Sono approdata all’Hospice dell’Istituto Nazionale dei Tumori di Milano, diretto dal
Dott. A. Caraceni, nel giugno 2006; qui sono stata accolta con tanta curiosità
relativamente al ruolo di “filosofa” quanta disponibilità, con il desiderio di capire e
sperimentare sia da parte mia che loro se la proposta di una analista biografica ad
orientamento filosofico avrebbero retto la prova con l’ esperienza principe della vita: il
dolore e la morte.
La curiosità relativamente alla pertinenza e al senso del mio ruolo abitava anche in
me: se la mia ricerca, il mio tentativo di dare un senso al morire, di cercare la
consapevolezza e il senso della vita avesse “retto” la prova reale della malattia ad uno
stadio di terminalità avrebbe retto ovunque; se io fossi riuscita a superare la paura e
dare spazio alla pietà e alla compassione per avvicinare e, potendo, aiutare malati e
parenti, allora non stavo farneticando inutilmente di vuote teorie.
Perché la Filosofia come pratica di vita deve reggere il confronto con l’esistenza,
altrimenti si ritorna alla congettura teorica spesso vuota che dell’esistenza non sa
nulla e che alla stessa serve poco.
Così come Abof e quindi come persona, con le mie emozioni, le paure, le storie e le
risorse, i limiti che incontravano altre storie, relazioni, paure e risorse di altre
persone, malati, operatori, parenti dei malati, ho iniziato un importante percorso
esistenziale e spirituale che ha delle indubbie ricadute sul piano professionale.
“Niente più del lavoro con i morenti – sottolinea il maestro buddista Sogyal Rimpoche
– accelera la nostra crescita di esseri umani. Avere cura di chi muore è in sé una
profonda contemplazione e una riflessione sulla nostra morte.
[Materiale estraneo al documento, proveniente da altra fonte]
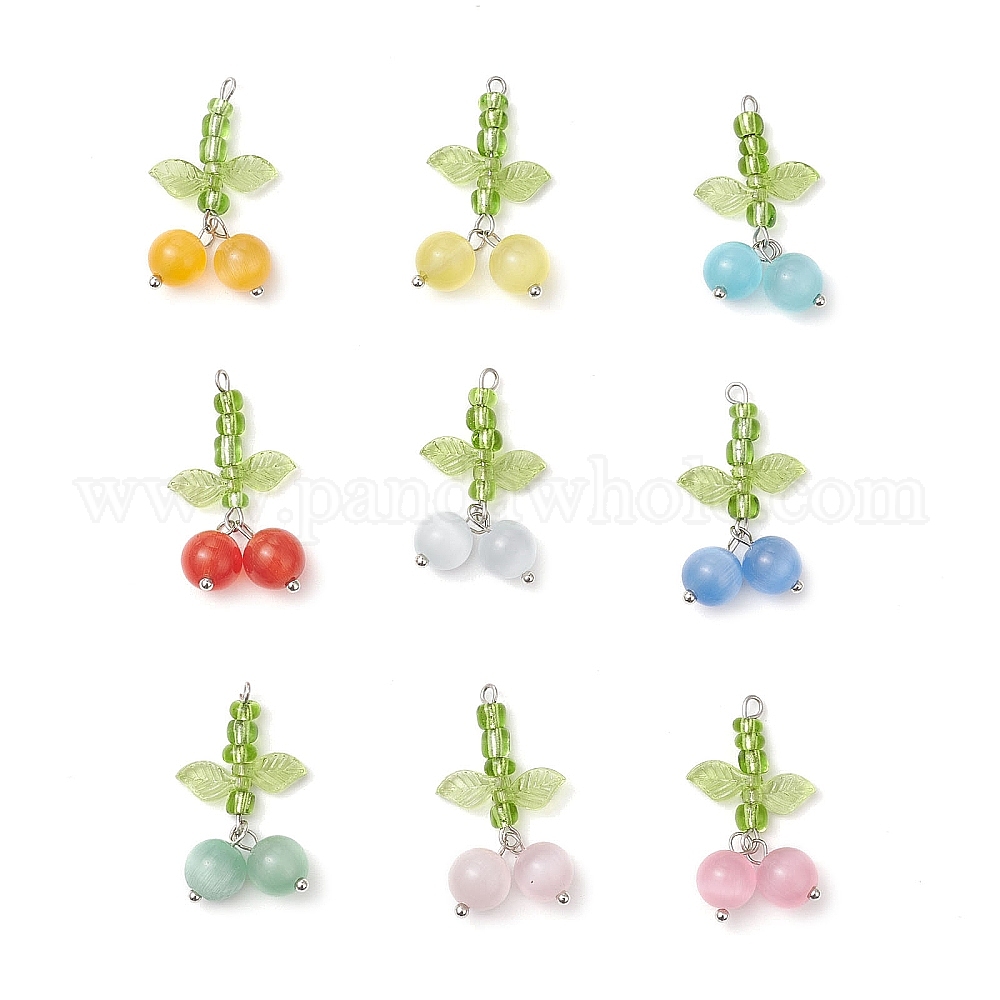 9шт. подвески кошачий глаз, вишня, с акриловым, стеклянным и платиновым соединительным кольцом

Imparare a dare vero
aiuto a chi muore vuol dire cominciare a perdere la paura e assumere la
responsabilità della nostra morte” – aggiungo della nostra vita! – “e a scoprire in noi
stessi le avvisaglie di una compassione infinita e mai sospettata prima”7
L’ambito delle cure palliative è particolarmente vicino alla pratica filosofica intesa da
Sabof8 perché qui ci si prende cura della persona che finalmente viene vista nella sua
interezza: soggetto fisico, psichico, e spirituale.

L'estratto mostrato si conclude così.